◆ EXERCISE DATA:
:::::
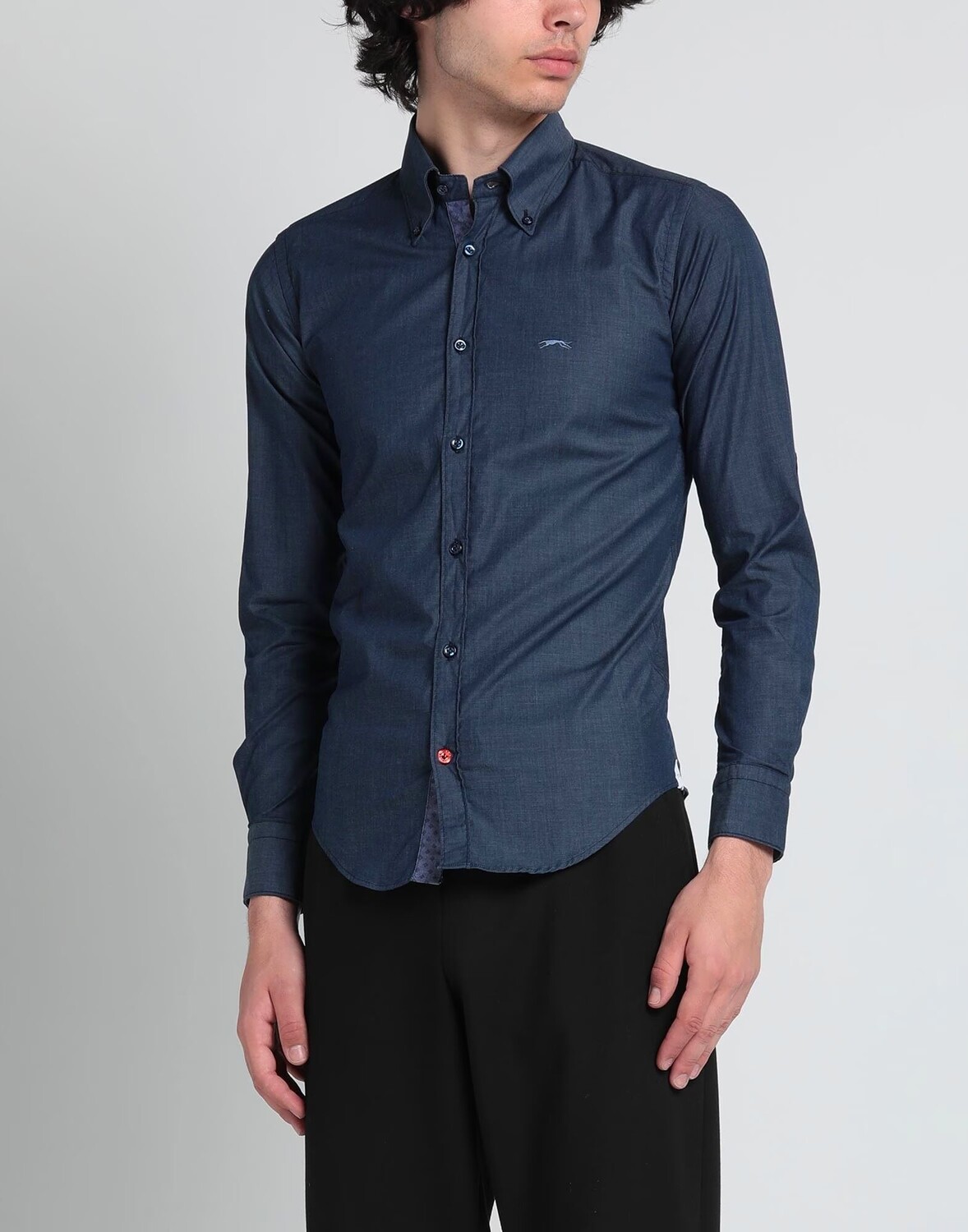 Полотняное переплетение, логотип бренда, контрастные аппликации, двухцветный вариант, воротник на пуговицах, длинные рукава, манжеты на пуговицах, застежка на пуговицы, без карманов, стрейч
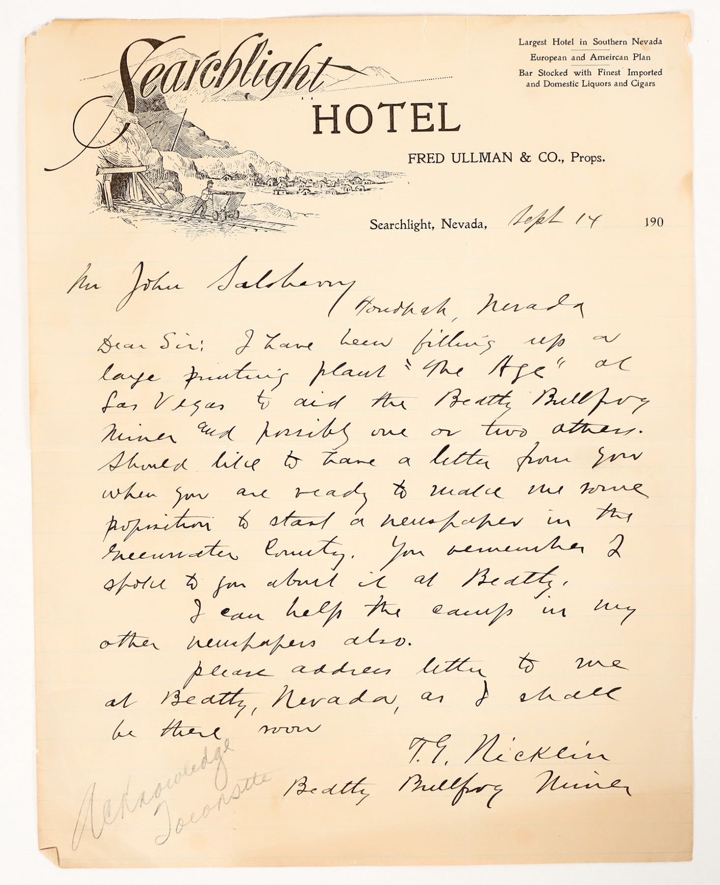 One page letter addressed to John Salisbury on Searchlight hotel pictorial letterhead written by TG Nicklin proprietor of the Beatty Bullfrog Miner. Discusses printing the Las Vegas age to aid the Bullfrog Miner. He wants to know when Salsbury will be ready to start a paper in Greenwater. Important letter, Greenwater didn't last long.
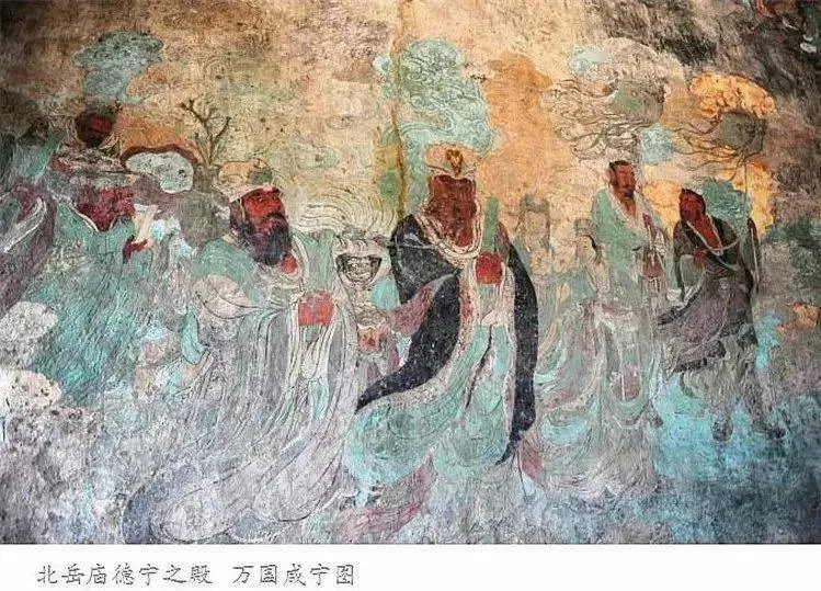 北岳廟最為壯觀的是“德寧之殿”內(nèi)的壁畫了。殿內(nèi)東、西兩壁有唐代畫圣吳道子所畫的“天宮圖”,各高8米,長18米,東壁畫為《云行雨施》,繪有眾多天神興云布雨、為民造福的形象,最大的人物高3.3米;西壁畫為《萬國咸寧》,畫的是眾天神勝利完成任務后偃旗息鼓、得勝回宮的情景。
:::::
◆ PROBLEM REQUIREMENTS: Write out the data above in full and exactly, but without the pictures.

◆ RESULT OF THE TASK:
 Полотняное переплетение, логотип бренда, контрастные аппликации, двухцветный вариант, воротник на пуговицах, длинные рукава, манжеты на пуговицах, застежка на пуговицы, без карманов, стрейч
 One page letter addressed to John Salisbury on Searchlight hotel pictorial letterhead written by TG Nicklin proprietor of the Beatty Bullfrog Miner. Discusses printing the Las Vegas age to aid the Bullfrog Miner. He wants to know when Salsbury will be ready to start a paper in Greenwater. Important letter, Greenwater didn't last long.
 北岳廟最為壯觀的是“德寧之殿”內(nèi)的壁畫了。殿內(nèi)東、西兩壁有唐代畫圣吳道子所畫的“天宮圖”,各高8米,長18米,東壁畫為《云行雨施》,繪有眾多天神興云布雨、為民造福的形象,最大的人物高3.3米;西壁畫為《萬國咸寧》,畫的是眾天神勝利完成任務后偃旗息鼓、得勝回宮的情景。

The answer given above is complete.